Last week I went to see Ian Rankin and Neil Gaiman in the Edinburgh Book Festival, where they discussed the differences between writing prose and graphic novels. The event coincided with the launch of Ian Rankin’s first graphic novel, Dark Entries. I’ve been considering taking a course in shorthand for a while now but what really convinced me to go for it was trying to make notes while Ian Rankin was talking. He speaks very, very quickly. I can’t promise that the notes below are exactly word for word, but they are a pretty close approximation of what was said during the session.
Q: What are the differences between writing prose and writing graphic novels?
IR: They are hugely different. I found the collaborating thing hard [when writing Dark Entries]. I’m used to playing god in my novels, working alone with my computer. After so many years of being a consumer, reading graphic novels and thinking, “Oh, that’s easy,” it turns out it’s not.
NG: Prose is a machine: I give people a code, they compile it into a program. In comics you are writing a script for an artist.
Q: What are the advantages of graphic novels?
IR: Freedom. Scenes can show weird things happening in people’s heads, you can see fantasy lives being acted out. Those are things that you can’t do in these supposed realistic Edinburgh novels.
NG: When you see something in a picture you believe it. I used to read American comics as a child and I believed that superheroes really existed in America. Fire hydrants, skyscrapers and superheroes were all on the same plane of reality for me.
IR: The thing that I find really interesting in writing graphic novels is moving to a different time, place and perspective with every couple of inches. You’re writing and directing a mini-movie with almost every scene.
NG: When I write prose the thing I miss the most is the silent panel. (A) it gives you a beat and a rhythm and (B) it forces the reader to think about what’s going on in the characters’ heads. In a graphic novel you can have a panel where a character says something, then in the following panel he thinks about it. You can’t do that in a novel. By the very act of writing “he thinks about it,” you have spoiled the silent moment.
Q: What are the advantages of prose?
NG: Prose has a totally different set of strengths and weaknesses. In Anansi Boys one of the things I took great pleasure in was challenging the race assumptions people make. Characters are default white unless you say otherwise. In Anansi Boys I only assigned race to white people. It made the readers stop and think. People have to reassess what they thought. You can’t do that in a comic book because you can see everybody.
IR: Yes, in prose you can pull the rug out from under someone. In a picture there’s no rug to be pulled away.
Q: What do you think of your cult status as writers of graphic novels?

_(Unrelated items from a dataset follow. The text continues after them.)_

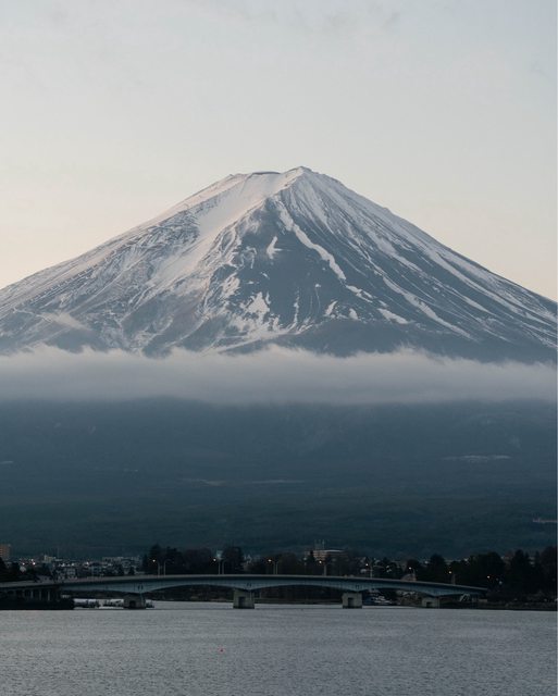看到清晰的富士山頂,整個人都清醒了!馬上穿上外套到湖畔拍照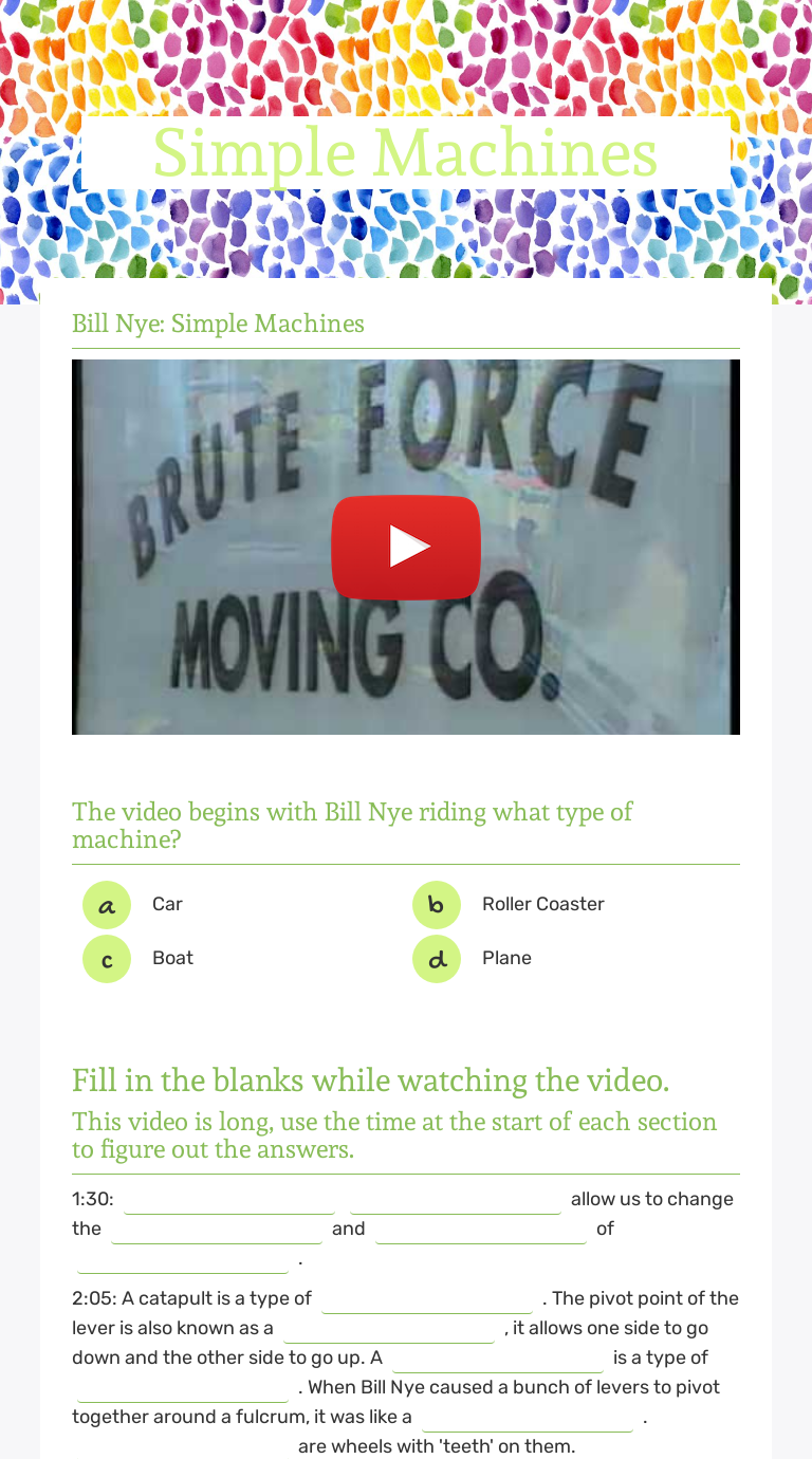Bill Nye: Simple Machines Worksheet Kahoot and commercial free video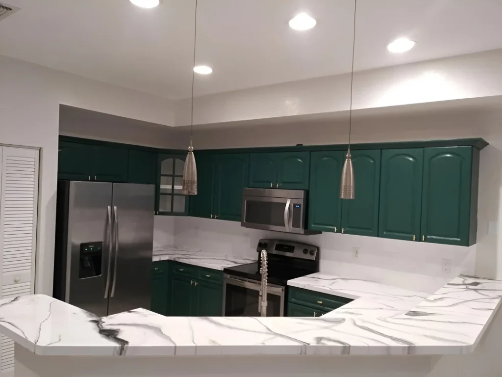 Bold emerald cabinets with white marble is peak glamour move. u/morticianmagic went all-in and the result is sophisticated without being stuffy. The glossy cabinet finish reflects light beautifully, making the small space feel less cramped despite the bold color. Those hammered metal pendant lights add artisanal touch, and keeping walls neutral lets the cabinets be the star. The marble countertop’s dramatic veining adds luxury that ties into the white ceiling perfectly.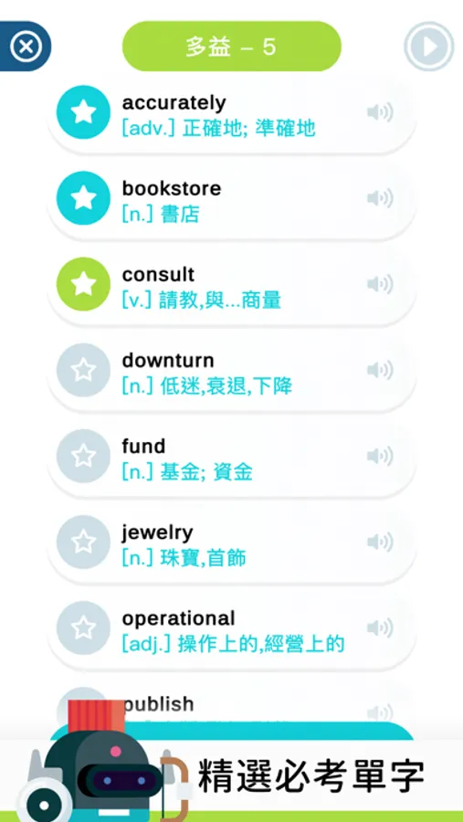 - 字義、拼字、聽力多種題型學習!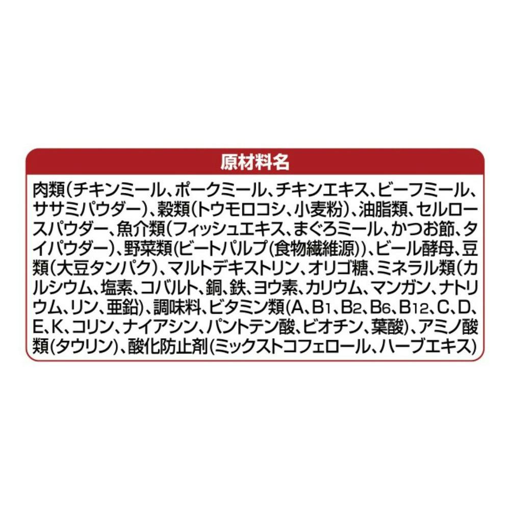 肉類、穀類、油脂類、セルロースパウダー、魚介類、野菜類、ビール酵母、豆類、マルトデキストリン、オリゴ糖、ミネラル類、調味料、ビタミン類、アミノ酸類、酸化防止剤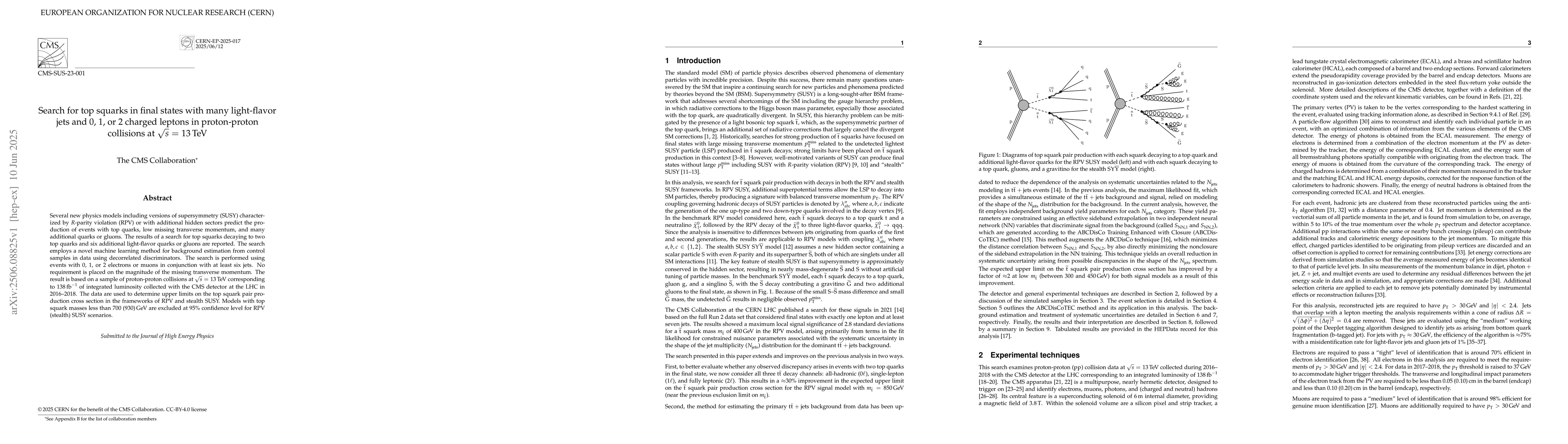 Researchers searched for top squarks in proton-proton collisions at 13 TeV, setting limits on supersymmetry models with high-energy top quark masses.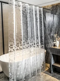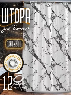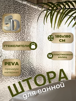 Штора для ванной 180х200 водонепроницаемая 3d на люверсах

NG: Fans care deeply about what we do. We like that. I honestly liked it when I was even more of a cult figure and had a smaller fan base because I really enjoyed when only a few people recognised me. Now people have heard of me even if they haven’t read me and they think they know what I do and they don’t. I preferred it when I was a little more of a secret.
Q: What do you think of the idea that genre writing is regarded as less mainstream and less valid?
NG: I’m always more comfortable in the gutter. I liked it better when comics were comics and they weren’t graphic novels. And I liked it better when adults didn’t go into bookshops to buy Diana Wynne Jones books, when you had to creep into the back of Waterstone’s to find fantasy novels and further back to find crime – where all the Western novels used to be. We [writers of graphic novels] have more influence now that we are in the strange magical world where we are in the mainstream. It’s actually more fun being under the radar.
IR: I’m slightly at odds with that because my teenage son has been introduced to literature through comic books. I bought him Manga Shakespeare and now he wants to see Shakespeare in the theatre. Graphic novels keep your fantasy life active through your teenage years when the whole world is trying to knock it out of you.
Q: What about graphic novels on the web?
NG: The most fascinating think about the web is that it has completely removed the gatekeeper. Before you would have to find a publisher or an editor – a gatekeeper – who would say, yes, this is fit to be published. The glory of the web is that there are no gatekeepers. You are playing on the same field as the Guardian or the New Yorker. The downside is the half a billion other people out there with no gatekeepers. There are web comics that I find and wind up following. There are wonderful things out there.
Q: Have you ever considered doing your own art work for your graphic novels?
NG: I once tried drawing my own comic in 24 hours. I wound up with an amazing respect for artists. They have to figure out how alligator’s teeth work and stuff. It’s incredibly time consuming and there are people out there who are so much better at drawing than I am. One of the reasons I keep coming back to graphic novels is the artists, because they are completely different. I love that I have all these people that will bring things to what I’m doing and inspire me to up my game.